By Gary Smith, World-Track
Despite setting world records in the 100m and 200m in back-to-back seasons, Glen Mills, the coach of Usain Bolt, believes the Jamaican has not reached his peak potential and will go even faster in the next couple years.
"I’m still not satisfied that he has reached perfection in those areas so we’re still going to be working on the reaction time and the drive phase," Mills was quoted as telling the Jamaica Observer.
Mills, who has been coaching the lanky sprinter since 2004, was also pleased with the improvement he has made during their time together, thus far.
"I’m willing to take a pat on the shoulder because when I started last year with the 100m thinking and looking at his height and his co-ordination… I thought we had a mountain to climb," he said.

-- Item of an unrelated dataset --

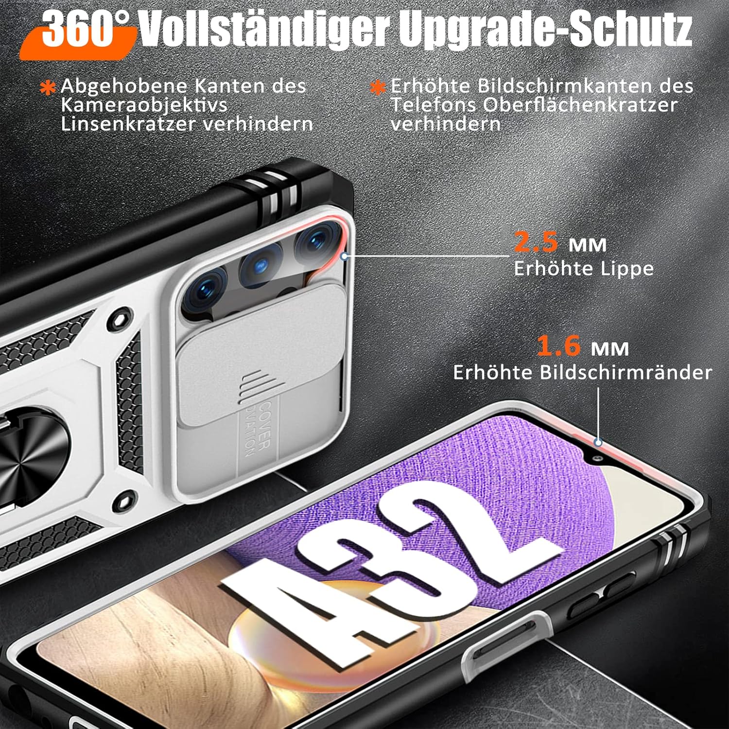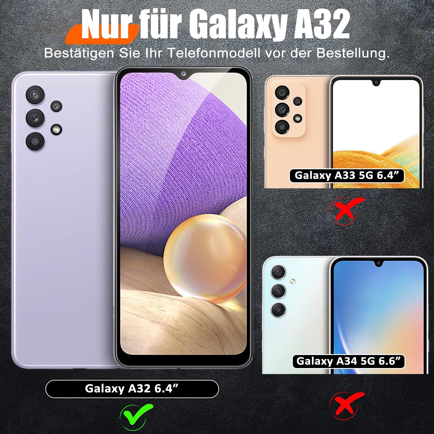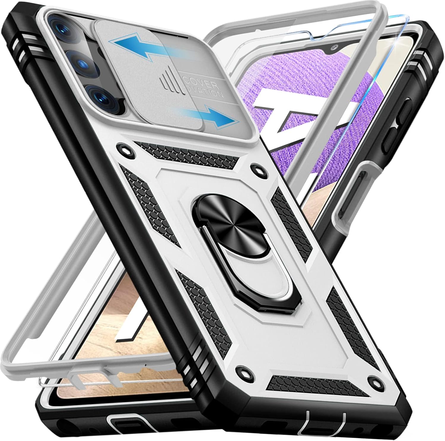 Кейс Giyer за Samsung Galaxy A32 с протектор за екрана, Кейс за мобилен телефон A32 5G със защита на камерата, слот за карта, метален пръстен 360°, удароустойчив, защитен калъф за Samsung A32 6.5 инча

"But we have spent hours studying what he does on tapes and films and looking at what I would want him to execute and what I think are the best body angles and so on, and so far we’re making the right decisions.
"I still think that we can do a lot more in that area, but what we need to do is to get him stronger," added Mills.
Trying out the event to work on the speed area for his 200m last season, Bolt raced to 9.76seconds to opened the eyes of the public at the Jamaican Invitational in last May.
He then went on to break the world record when he blasted to 9.72secs at the end of the same month to announced to the world that he is indeed ready to contest the event.
And within months Bolt was crowned Olympic champion — improving his own world record to 9.69.
The 23-year-old came back a season later in Berlin at the world champion to improve the record to 9.58, but Mills still believes there is more work to be done.
"I think we have a lot more that we can do in-terms of the strength aspect of it and this is an area that is slightly behind in his development," said Mills, who has coached several Jamaican top sprinters, including the veteran Raymond Graham.
"I still think that his physical strength, especially for his size, needs to go up several notches, maybe another 20 per cent, and I think when we get there we would have reached where we want to be," he added.